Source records
★ ★ ★

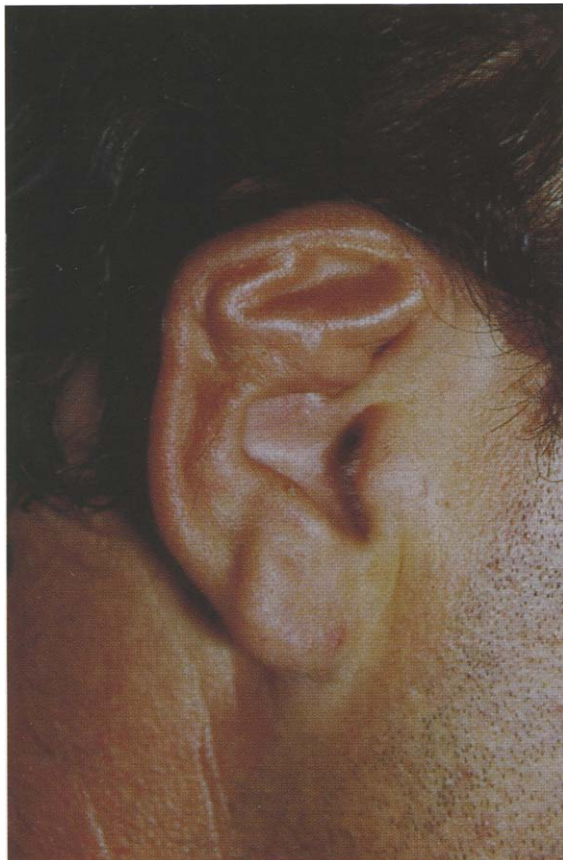
Figure 1—Cauliflower deformity of the right external ear.

Surgery was performed under local anaesthesia. A posterior approach, halfway between the sulcus and the helical rim, was used to deglove the cartilagenous skeleton. No skin ellipse was excised. Having exposed the cartilage, it was apparent that there were anterior and posterior lamellae. A plane was developed between these two structures (Fig. 2), and the posterior layer
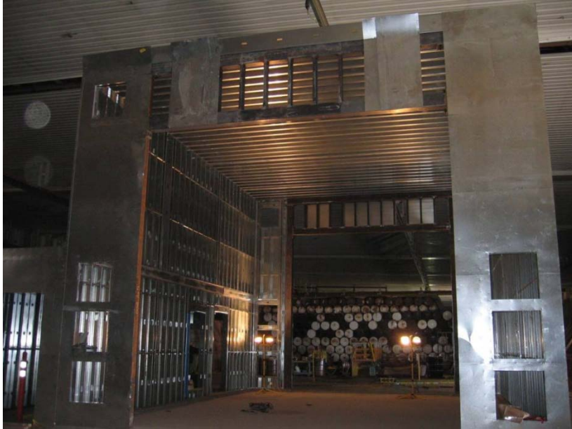
View of airlock under construction
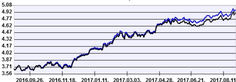
NET ASSET VALUE PER SHARE, 09/01/2016 - 08/31/2017

— Aegon Central European Equity Fund EUR series — Benchmark
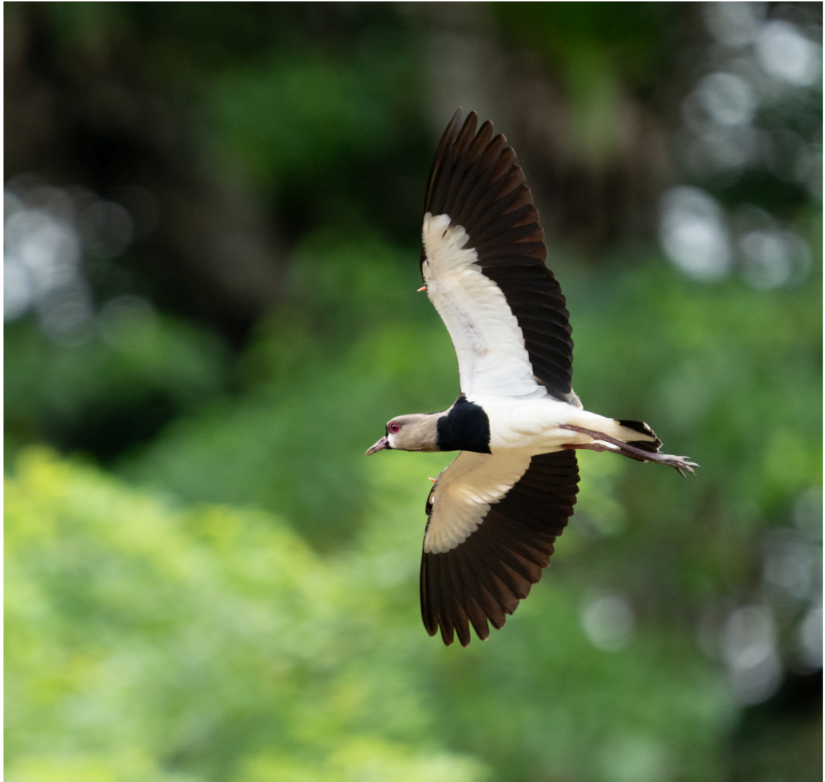
Southern Lapwing (in Panama)

CHATTANOOGA CHAPTER OF THE TENNESSEE ORNITHOLOGICAL SOCIETY
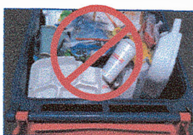
Please do not place non-recyclable items in the recycling cart including plastic bags and styrofoam.
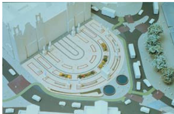
Scheme for re-siting existing City Square statues

At the east end of The Headrow, one of the city centre's central roads, a disused petrol station has been converted into a fountain to be operable at the beginning of the new Millennium year, a project supported by both the city council and the Scurrah Wainwright Charity, a trust which is involved in other public art proposals for Leeds, significantly involving new sculpture. x A new hotel, restaurant and retail centre, The Light, currently being constructed just off the Headrow will also involve public art, following the recent completion of Number One City Square which features commissioned sculpture as part of its front façade.
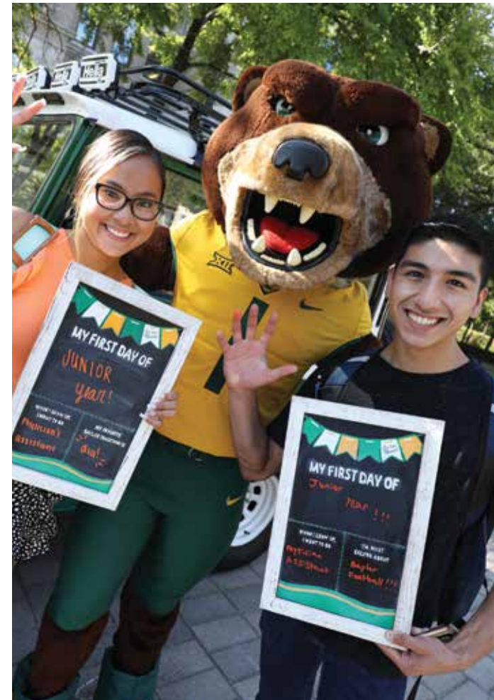
TRANSFER WELCOME WEEK & WEEKEND New Baylor Bears enjoy opportunities to connect with other incoming and returning students before classes start in either the fall or spring.

★ ★ ★

> What the task requires
Provide an exact copy of only the lines from the beginning of the entries through the line containing "Southern Lapwing (in Panama)", both ends included, with no pictures.

> Task response
Figure 1—Cauliflower deformity of the right external ear.

Surgery was performed under local anaesthesia. A posterior approach, halfway between the sulcus and the helical rim, was used to deglove the cartilagenous skeleton. No skin ellipse was excised. Having exposed the cartilage, it was apparent that there were anterior and posterior lamellae. A plane was developed between these two structures (Fig. 2), and the posterior layer
View of airlock under construction
NET ASSET VALUE PER SHARE, 09/01/2016 - 08/31/2017

— Aegon Central European Equity Fund EUR series — Benchmark
Southern Lapwing (in Panama)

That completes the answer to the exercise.